Print the data once more, exactly as given. Drop the pictures.

STORED DATA =
......

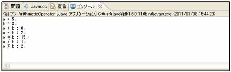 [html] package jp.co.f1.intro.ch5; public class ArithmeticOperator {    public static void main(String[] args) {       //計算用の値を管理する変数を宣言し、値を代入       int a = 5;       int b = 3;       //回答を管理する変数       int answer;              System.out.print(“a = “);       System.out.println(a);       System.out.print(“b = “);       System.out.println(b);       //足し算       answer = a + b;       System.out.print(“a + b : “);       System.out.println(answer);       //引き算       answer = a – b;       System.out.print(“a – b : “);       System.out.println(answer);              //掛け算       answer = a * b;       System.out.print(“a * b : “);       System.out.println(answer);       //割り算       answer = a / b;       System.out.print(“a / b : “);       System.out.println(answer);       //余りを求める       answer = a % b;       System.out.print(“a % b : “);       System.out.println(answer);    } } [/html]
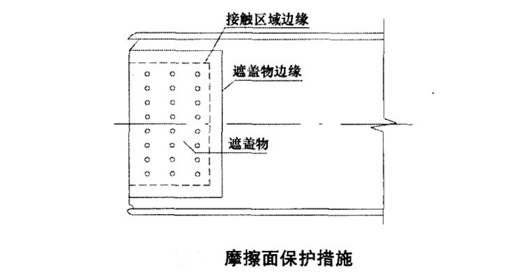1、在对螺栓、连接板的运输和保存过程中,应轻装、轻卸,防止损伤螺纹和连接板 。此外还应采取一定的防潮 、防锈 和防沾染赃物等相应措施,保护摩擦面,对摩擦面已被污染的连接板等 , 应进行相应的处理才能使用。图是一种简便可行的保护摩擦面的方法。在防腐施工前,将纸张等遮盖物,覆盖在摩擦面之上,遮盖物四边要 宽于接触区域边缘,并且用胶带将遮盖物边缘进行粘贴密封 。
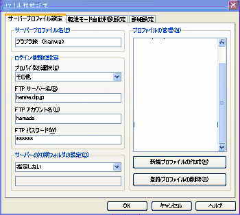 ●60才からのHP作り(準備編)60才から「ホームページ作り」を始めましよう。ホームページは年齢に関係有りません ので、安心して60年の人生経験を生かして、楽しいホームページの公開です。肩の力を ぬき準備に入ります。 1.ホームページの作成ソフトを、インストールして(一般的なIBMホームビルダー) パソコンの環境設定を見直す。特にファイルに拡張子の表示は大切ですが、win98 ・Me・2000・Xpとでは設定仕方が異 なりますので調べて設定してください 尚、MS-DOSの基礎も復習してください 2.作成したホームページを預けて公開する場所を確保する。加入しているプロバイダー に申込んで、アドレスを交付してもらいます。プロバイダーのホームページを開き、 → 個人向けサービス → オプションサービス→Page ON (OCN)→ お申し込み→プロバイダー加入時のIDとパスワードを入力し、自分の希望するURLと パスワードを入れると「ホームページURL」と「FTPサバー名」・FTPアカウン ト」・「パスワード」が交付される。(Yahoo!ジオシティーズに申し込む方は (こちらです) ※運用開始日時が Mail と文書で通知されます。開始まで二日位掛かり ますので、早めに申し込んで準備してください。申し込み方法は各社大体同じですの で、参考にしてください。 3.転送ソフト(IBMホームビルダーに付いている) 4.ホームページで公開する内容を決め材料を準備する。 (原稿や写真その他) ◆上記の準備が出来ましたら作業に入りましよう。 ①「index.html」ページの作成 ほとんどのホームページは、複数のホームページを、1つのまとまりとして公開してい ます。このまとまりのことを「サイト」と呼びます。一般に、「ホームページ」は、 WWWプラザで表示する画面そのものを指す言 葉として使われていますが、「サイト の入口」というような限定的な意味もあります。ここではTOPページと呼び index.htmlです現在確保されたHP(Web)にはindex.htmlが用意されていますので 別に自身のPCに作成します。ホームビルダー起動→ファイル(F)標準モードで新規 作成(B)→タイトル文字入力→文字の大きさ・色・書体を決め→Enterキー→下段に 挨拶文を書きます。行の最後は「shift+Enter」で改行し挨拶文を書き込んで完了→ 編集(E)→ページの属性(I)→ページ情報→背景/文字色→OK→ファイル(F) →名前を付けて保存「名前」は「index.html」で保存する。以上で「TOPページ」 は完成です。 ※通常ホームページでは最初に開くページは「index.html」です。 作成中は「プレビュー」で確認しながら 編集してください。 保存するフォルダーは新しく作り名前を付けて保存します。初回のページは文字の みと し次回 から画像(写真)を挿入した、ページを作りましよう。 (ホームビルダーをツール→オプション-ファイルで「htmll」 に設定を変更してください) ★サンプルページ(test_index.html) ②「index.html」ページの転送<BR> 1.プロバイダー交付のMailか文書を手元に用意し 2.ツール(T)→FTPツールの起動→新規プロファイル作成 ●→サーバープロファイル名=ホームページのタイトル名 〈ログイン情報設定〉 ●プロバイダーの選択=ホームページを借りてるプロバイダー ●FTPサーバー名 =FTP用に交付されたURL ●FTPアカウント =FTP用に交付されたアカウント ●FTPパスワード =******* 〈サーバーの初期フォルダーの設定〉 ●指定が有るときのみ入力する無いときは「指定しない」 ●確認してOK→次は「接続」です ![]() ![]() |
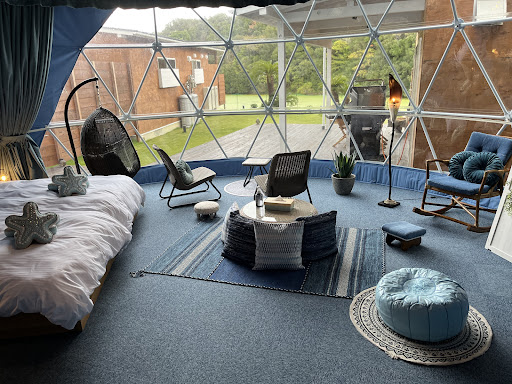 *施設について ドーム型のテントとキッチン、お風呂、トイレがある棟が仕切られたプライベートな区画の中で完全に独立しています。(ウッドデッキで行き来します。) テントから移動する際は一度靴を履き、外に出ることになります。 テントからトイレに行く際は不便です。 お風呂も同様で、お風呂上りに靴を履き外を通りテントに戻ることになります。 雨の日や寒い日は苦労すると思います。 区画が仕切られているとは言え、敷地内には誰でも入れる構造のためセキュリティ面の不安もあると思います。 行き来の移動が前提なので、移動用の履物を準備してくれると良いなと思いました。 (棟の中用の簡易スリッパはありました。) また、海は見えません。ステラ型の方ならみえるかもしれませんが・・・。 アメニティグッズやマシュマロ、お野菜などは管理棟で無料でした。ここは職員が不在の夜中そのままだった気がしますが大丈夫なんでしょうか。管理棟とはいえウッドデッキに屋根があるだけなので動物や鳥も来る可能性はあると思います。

......

EXERCISE ANSWER =
 [html] package jp.co.f1.intro.ch5; public class ArithmeticOperator {    public static void main(String[] args) {       //計算用の値を管理する変数を宣言し、値を代入       int a = 5;       int b = 3;       //回答を管理する変数       int answer;              System.out.print(“a = “);       System.out.println(a);       System.out.print(“b = “);       System.out.println(b);       //足し算       answer = a + b;       System.out.print(“a + b : “);       System.out.println(answer);       //引き算       answer = a – b;       System.out.print(“a – b : “);       System.out.println(answer);              //掛け算       answer = a * b;       System.out.print(“a * b : “);       System.out.println(answer);       //割り算       answer = a / b;       System.out.print(“a / b : “);       System.out.println(answer);       //余りを求める       answer = a % b;       System.out.print(“a % b : “);       System.out.println(answer);    } } [/html]
1、在对螺栓、连接板的运输和保存过程中,应轻装、轻卸,防止损伤螺纹和连接板 。此外还应采取一定的防潮 、防锈 和防沾染赃物等相应措施,保护摩擦面,对摩擦面已被污染的连接板等 , 应进行相应的处理才能使用。图是一种简便可行的保护摩擦面的方法。在防腐施工前,将纸张等遮盖物,覆盖在摩擦面之上,遮盖物四边要 宽于接触区域边缘,并且用胶带将遮盖物边缘进行粘贴密封 。
 ●60才からのHP作り(準備編)60才から「ホームページ作り」を始めましよう。ホームページは年齢に関係有りません ので、安心して60年の人生経験を生かして、楽しいホームページの公開です。肩の力を ぬき準備に入ります。 1.ホームページの作成ソフトを、インストールして(一般的なIBMホームビルダー) パソコンの環境設定を見直す。特にファイルに拡張子の表示は大切ですが、win98 ・Me・2000・Xpとでは設定仕方が異 なりますので調べて設定してください 尚、MS-DOSの基礎も復習してください 2.作成したホームページを預けて公開する場所を確保する。加入しているプロバイダー に申込んで、アドレスを交付してもらいます。プロバイダーのホームページを開き、 → 個人向けサービス → オプションサービス→Page ON (OCN)→ お申し込み→プロバイダー加入時のIDとパスワードを入力し、自分の希望するURLと パスワードを入れると「ホームページURL」と「FTPサバー名」・FTPアカウン ト」・「パスワード」が交付される。(Yahoo!ジオシティーズに申し込む方は (こちらです) ※運用開始日時が Mail と文書で通知されます。開始まで二日位掛かり ますので、早めに申し込んで準備してください。申し込み方法は各社大体同じですの で、参考にしてください。 3.転送ソフト(IBMホームビルダーに付いている) 4.ホームページで公開する内容を決め材料を準備する。 (原稿や写真その他) ◆上記の準備が出来ましたら作業に入りましよう。 ①「index.html」ページの作成 ほとんどのホームページは、複数のホームページを、1つのまとまりとして公開してい ます。このまとまりのことを「サイト」と呼びます。一般に、「ホームページ」は、 WWWプラザで表示する画面そのものを指す言 葉として使われていますが、「サイト の入口」というような限定的な意味もあります。ここではTOPページと呼び index.htmlです現在確保されたHP(Web)にはindex.htmlが用意されていますので 別に自身のPCに作成します。ホームビルダー起動→ファイル(F)標準モードで新規 作成(B)→タイトル文字入力→文字の大きさ・色・書体を決め→Enterキー→下段に 挨拶文を書きます。行の最後は「shift+Enter」で改行し挨拶文を書き込んで完了→ 編集(E)→ページの属性(I)→ページ情報→背景/文字色→OK→ファイル(F) →名前を付けて保存「名前」は「index.html」で保存する。以上で「TOPページ」 は完成です。 ※通常ホームページでは最初に開くページは「index.html」です。 作成中は「プレビュー」で確認しながら 編集してください。 保存するフォルダーは新しく作り名前を付けて保存します。初回のページは文字の みと し次回 から画像(写真)を挿入した、ページを作りましよう。 (ホームビルダーをツール→オプション-ファイルで「htmll」 に設定を変更してください) ★サンプルページ(test_index.html) ②「index.html」ページの転送<BR> 1.プロバイダー交付のMailか文書を手元に用意し 2.ツール(T)→FTPツールの起動→新規プロファイル作成 ●→サーバープロファイル名=ホームページのタイトル名 〈ログイン情報設定〉 ●プロバイダーの選択=ホームページを借りてるプロバイダー ●FTPサーバー名 =FTP用に交付されたURL ●FTPアカウント =FTP用に交付されたアカウント ●FTPパスワード =******* 〈サーバーの初期フォルダーの設定〉 ●指定が有るときのみ入力する無いときは「指定しない」 ●確認してOK→次は「接続」です ![]() ![]() |
 *施設について ドーム型のテントとキッチン、お風呂、トイレがある棟が仕切られたプライベートな区画の中で完全に独立しています。(ウッドデッキで行き来します。) テントから移動する際は一度靴を履き、外に出ることになります。 テントからトイレに行く際は不便です。 お風呂も同様で、お風呂上りに靴を履き外を通りテントに戻ることになります。 雨の日や寒い日は苦労すると思います。 区画が仕切られているとは言え、敷地内には誰でも入れる構造のためセキュリティ面の不安もあると思います。 行き来の移動が前提なので、移動用の履物を準備してくれると良いなと思いました。 (棟の中用の簡易スリッパはありました。) また、海は見えません。ステラ型の方ならみえるかもしれませんが・・・。 アメニティグッズやマシュマロ、お野菜などは管理棟で無料でした。ここは職員が不在の夜中そのままだった気がしますが大丈夫なんでしょうか。管理棟とはいえウッドデッキに屋根があるだけなので動物や鳥も来る可能性はあると思います。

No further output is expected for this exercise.